She began her film career by acting in a number of films produced by Shaw Brothers. Her movies at Shaw Brothers included Cempaka (1947) and Noor Asmara (1949). Kasma next moved to the Cathay Keris Studio in Singapore before moving to the Merdeka Studio in Hulu Kelang, Malaysia in the 1960s. She received the Merak Kayangan award for veteran, long time film stars at the seventh annual Malaysian Film Festival in 1987, as well being awarded the Jury Award at the 35th annual Asia Pacific Film Festival in 1990.

==Illness and death==
Booty suffered from a number of medical conditions in her later years, including heart problems, diabetes, high blood pressure and pneumonia.
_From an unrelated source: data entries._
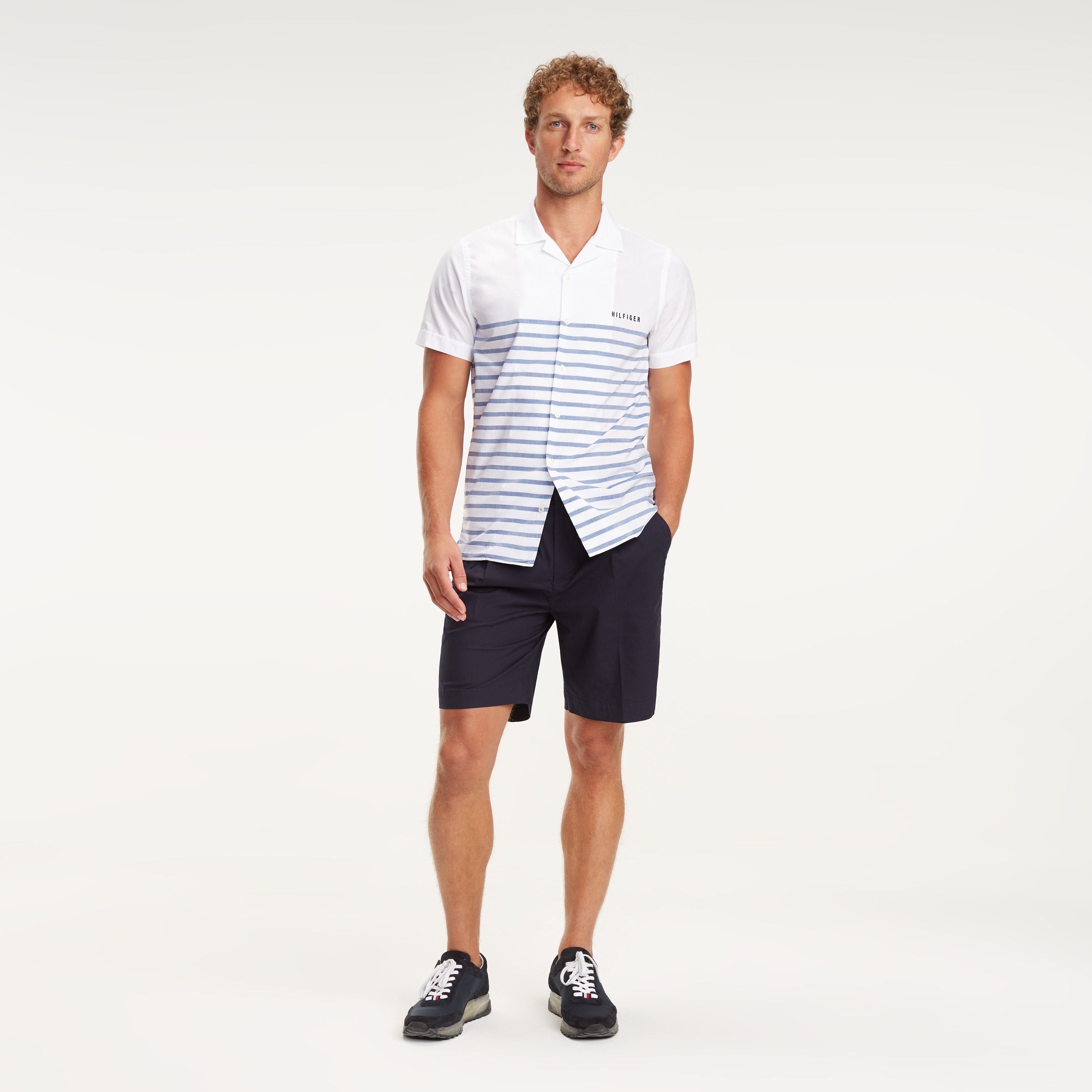 قميص مخطط رائع مصنوع خصيصاً لتتمكن من ارتداؤه في أيام الطقس الدافئ بأكمام قصيرة، مصنوع من القطن النقي
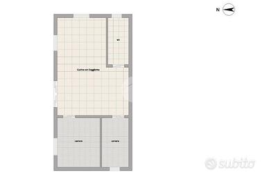 L'immobile si sviluppa interamente su un unico livello, garantendo praticità e massima fruibilità degli ambienti. L'ingresso si apre su una luminosa cucina-soggiorno, uno spazio accogliente e funzionale perfetto sia per la vita quotidiana sia per trascorrere serate in compagnia. La zona notte è composta da una camera da letto e una cameretta, ben distribuite e adatte a soddisfare le esigenze di famiglie o coppie che desiderano una stanza aggiuntiva da utilizzare come camera ospiti o studio. Completa la proprietà un bagno in buone condizioni, dotato di tutti i comfort essenziali.
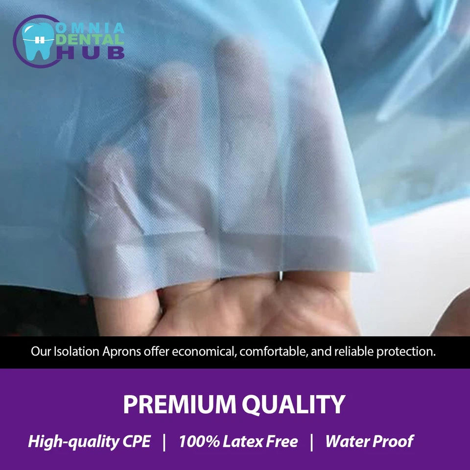 Available in packs of 10 and 100 pieces, these lab aprons come in blue color with one size (universal fit) — designed to meet professional medical and dental standards.
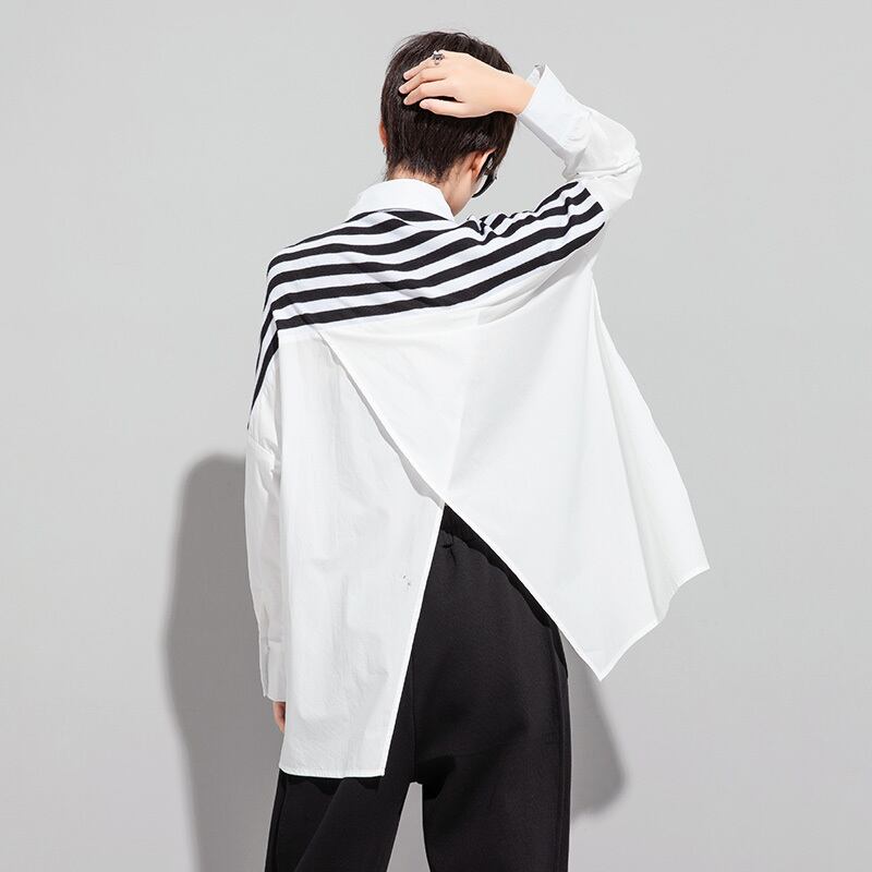 オーバーサイズアシメシャツ レディース シャツ 短丈 長袖 ワイド アシンメトリー BIGシルエット 切り替えデザイン 前開き 異素材MIX シンプル カジュアル お洒落 大人女子 こなれ感 メンズライク マニッシュ ボーイッシュ ルーズ 個性的 クール モード系 主役級 存在感 抜け感 デイリーユース 無地 ボーダー 春 夏 秋 シーズンレス 10代 20代 30代 40代 体型カバー 楽ちん ビジネス OL 通勤 学生 通学 デート お出かけ 普段使い 韓国 ファッション トレンド ゆったり ゆる
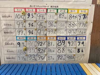 先日のあいさつ週間の結果が発表されました。どのクラスも自己評価が高く、しっかりがんばったようです。続けてほしいです(^O^)
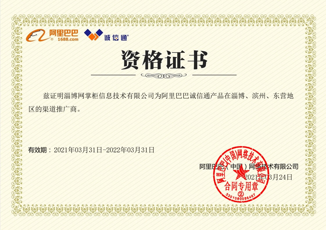 阿里巴巴诚信通淄博滨州东营授权渠道商证书
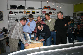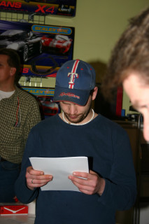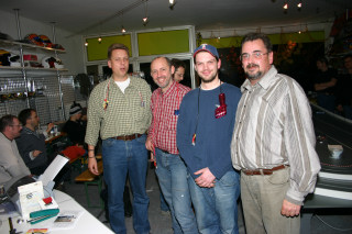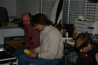 Auf Werner Lorenz's (Powerpoint) 3spurige Holzbahn von Plazidus waren wir alle bereits gespannt, der letzte Ausflug auf ne Holzbahn (RaceCity) lag bereits einige Saisonen zurück und damals noch mit den Plastikfelgen, die uns zu der Zeit auch prompt um die Ohren flogen. Mittlerweile sind Alufelgen ein fest etabliertes Zubehörteil, welches auch für ein Stück Zuverlässigkeit sorgt.
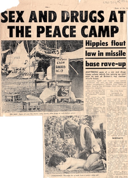 News of World (a national Sunday paper in the UK) coverage of the Greenham Festival July 1982. The photo of drug signs is known to be faked (before the days of photoshop)
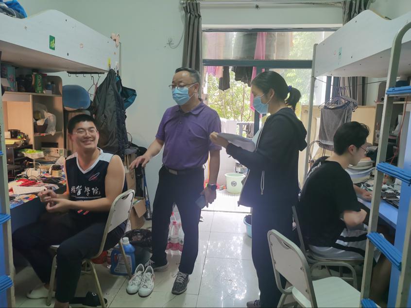 学院第一时间成立了以党委书记和院长为组长的疫情防控工作领导小组,建立了全体小组成员微信工作群,通过“线上+线下”工作例会的方式,压实各级组织责任,为疫情防控筑牢防线。3月11日至20日,学院领导数次带领辅导员不分昼夜全覆盖巡查学生寝室500余间,排查隐患,了解学生困难。圆满完成我院师生日常封控管理信息报送、七天四次全院师生核酸采样落实、配合转运隔离师生等工作,织密铸就了全院师生疫情防控“命运共同体”。
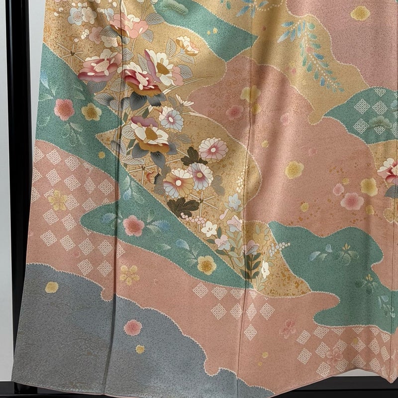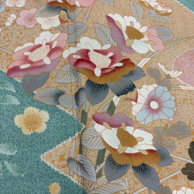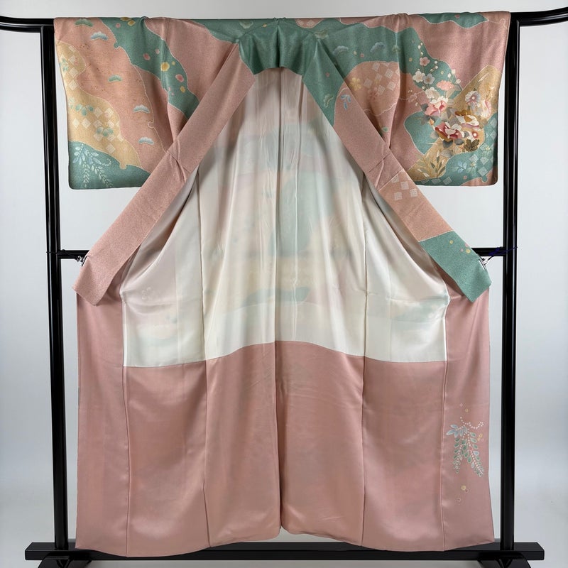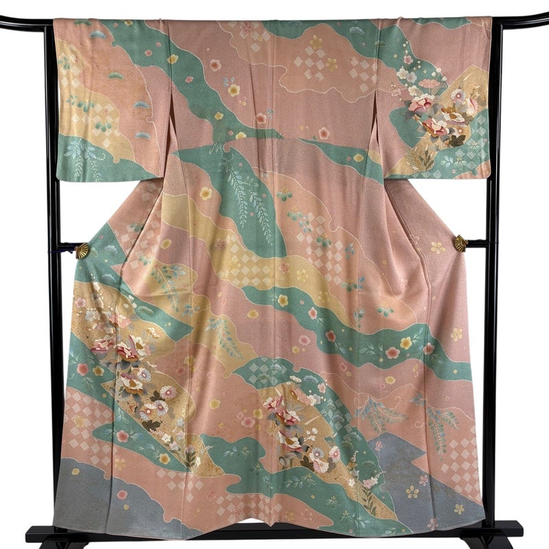 【着物ランク】秀品 【素材】正絹 【身丈】約156.5cm 【裄丈】約64.5cm 【袖丈】約48cm 【袖幅】約33.5cm 【前幅】約24cm 【後幅】約30cm 【サイズ】M 【着物仕立て】袷 【着用時期】10~5月 【状態ランク】ランクC 【着物着用シーン】披露宴、パーティー、お見合い、式典、茶会
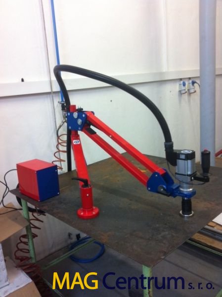 Stroj je vybaven vyváženým hliníkovým ramenem, které zajišťuje rychlé a přesné polohování nástroje na otvor. Díky lehké hliníkové konstrukce je stroj snadno přenosný. |
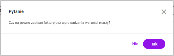 Jeśli pole „W tym marża” nie zostanie uzupełnione, przy próbie zapisania/zatwierdzenia faktury pojawi się pytanie:
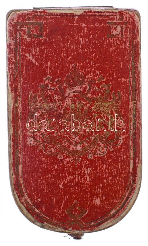 Description: 1890. "Bronz Katonai Érdemérem a katonai érdemkereszt szalagján" aranyozott Br kitüntetés mellszalagon, eredeti, kopott címeres tokban T:2 / Hungary 1890. "Bronze Military Merit Medal on a war ribbon (Signum Laudis)" gold plated Br decoration with ribbon, in original, worn maker's case C:XF NMK 245.
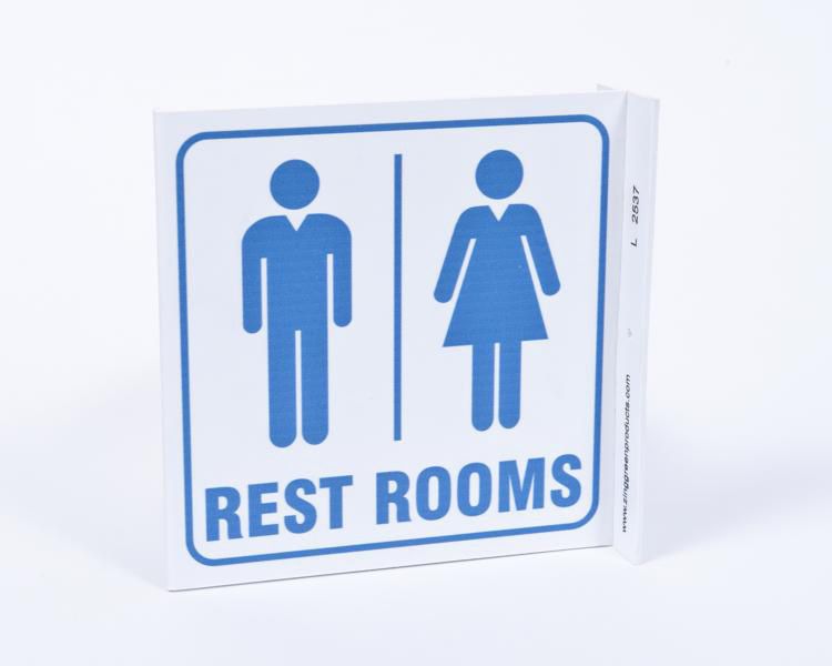 SIGN REST ROOMS PLASTIC 2 SIDED 7 X 7 IN , Each
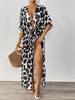 Cárdigan Kimono Transfronterizo Ropa Europea y Americana Mangas Murciélago Sueltas Tirantes Cintura Malla Estampado Leopardo Playa Bikini Cover-Up
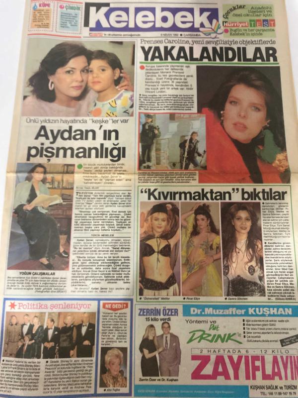 KELEBEK GAZETESİ DOĞUM GÜNÜ HEDİYESİ (TURKISH NEWSPAPPER) - 8 NİSAN 1992 - TAM TAKIM 6 SAYFADIR -Aydan Şener-Prenses Caroline-Vincent Lindon-Cemal Safi-Orhan Gencebay-Ahmet Özhan-Hurşid Yenigün-Zerrin Özer-Dr Muzaffer Kuşhan-Muzaffer Buyrukçu-Cemal Dündar-Dr Gündüz Tezmen-Azize Bergin-Muhteşem Nejad-Aydan ın pişmanlığı-Yakalandılar-Kıvırmaktan bıktılar-Politika gençleniyor-Gençebay dan Disco rap-Bir seksi türkücü daha-Haydi stres atalım Ciftetelli Türküko-Fransız zayıflama çayı-Beylerin dikkatine Sprey-Lens de olay-Cildiniz dostunuz-Evlilikte susmaya da yer var-Ters ilişki zararlı mı-Sizleri arıyoruz-Herşey güzellik uğruna-Kış güneşi daha tehlikeli-Bilmemek ayıp değil-Akan sular sarap olsa-Sevgili Güzin Abla-Evlilik Köşesi-Müzik Bahçesi-Bilgi Yarışması-Rüyalarınızdaki otomobil sizin olacak-Dünya Sağlık Merkezi-Ütülü halılar-Kahve zevki-Lokanta seçimi-Yarın Makyaj sanattır-Yıldızınız-Soru ve yanıt-Bizimkiler-Fatoş-Güngörmüşler-Dedektif Nik-Ninja Kaplumbağalar-Jaycees Türkiye Adaylık For adlı eser Türkçe dilindedir.

She was admitted to Ampang Hospital, located in the suburb of Ampang near Kuala Lumpur on 13 May 2007, after complaining of shortness of breath due to pneumonia. While being hospitalised, she asked to visit Cameron Highlands in Pahang and Pulau Besar in Malacca. Unfortunately, her final wishes was never granted as she was unable to leave the hospital. According to an interview with her granddaughter, Jeng Riema Booty Purnama, Kasma had been well enough to eat some of her favourite foods in the hospital such as lontong, kentang putar and nasi kandar.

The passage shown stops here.